-- Exercise description --
From the line that contains "新普拉多进气设计,安全涉水。" through the line that contains "床/北海道産ニレ無垢材、壁/珪藻土入塗壁、天井/珪藻土入クロス", output every line of the listing below exactly and leave out all the rest.

-- Extracted data --
-*-*-

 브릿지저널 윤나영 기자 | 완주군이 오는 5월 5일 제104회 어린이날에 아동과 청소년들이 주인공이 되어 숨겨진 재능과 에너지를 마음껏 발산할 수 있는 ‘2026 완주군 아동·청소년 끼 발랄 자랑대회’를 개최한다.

-*-*-

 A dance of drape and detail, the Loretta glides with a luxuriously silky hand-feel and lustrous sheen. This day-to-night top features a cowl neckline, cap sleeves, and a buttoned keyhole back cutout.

-*-*-

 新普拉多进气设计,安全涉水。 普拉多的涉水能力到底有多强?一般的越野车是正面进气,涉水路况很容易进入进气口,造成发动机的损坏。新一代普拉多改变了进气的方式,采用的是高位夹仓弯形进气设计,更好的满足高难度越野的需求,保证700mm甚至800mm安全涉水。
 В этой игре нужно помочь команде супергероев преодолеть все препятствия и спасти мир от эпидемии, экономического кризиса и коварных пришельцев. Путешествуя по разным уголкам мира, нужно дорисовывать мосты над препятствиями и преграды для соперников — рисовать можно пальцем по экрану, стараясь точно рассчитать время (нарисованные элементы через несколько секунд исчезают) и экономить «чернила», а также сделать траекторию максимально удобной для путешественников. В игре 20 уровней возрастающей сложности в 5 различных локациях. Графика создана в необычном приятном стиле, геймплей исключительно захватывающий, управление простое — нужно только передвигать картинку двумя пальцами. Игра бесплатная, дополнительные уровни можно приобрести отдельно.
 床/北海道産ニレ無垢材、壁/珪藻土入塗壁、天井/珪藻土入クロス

-*-*-

-- Solution for this problem --
 新普拉多进气设计,安全涉水。 普拉多的涉水能力到底有多强?一般的越野车是正面进气,涉水路况很容易进入进气口,造成发动机的损坏。新一代普拉多改变了进气的方式,采用的是高位夹仓弯形进气设计,更好的满足高难度越野的需求,保证700mm甚至800mm安全涉水。
 В этой игре нужно помочь команде супергероев преодолеть все препятствия и спасти мир от эпидемии, экономического кризиса и коварных пришельцев. Путешествуя по разным уголкам мира, нужно дорисовывать мосты над препятствиями и преграды для соперников — рисовать можно пальцем по экрану, стараясь точно рассчитать время (нарисованные элементы через несколько секунд исчезают) и экономить «чернила», а также сделать траекторию максимально удобной для путешественников. В игре 20 уровней возрастающей сложности в 5 различных локациях. Графика создана в необычном приятном стиле, геймплей исключительно захватывающий, управление простое — нужно только передвигать картинку двумя пальцами. Игра бесплатная, дополнительные уровни можно приобрести отдельно.
 床/北海道産ニレ無垢材、壁/珪藻土入塗壁、天井/珪藻土入クロス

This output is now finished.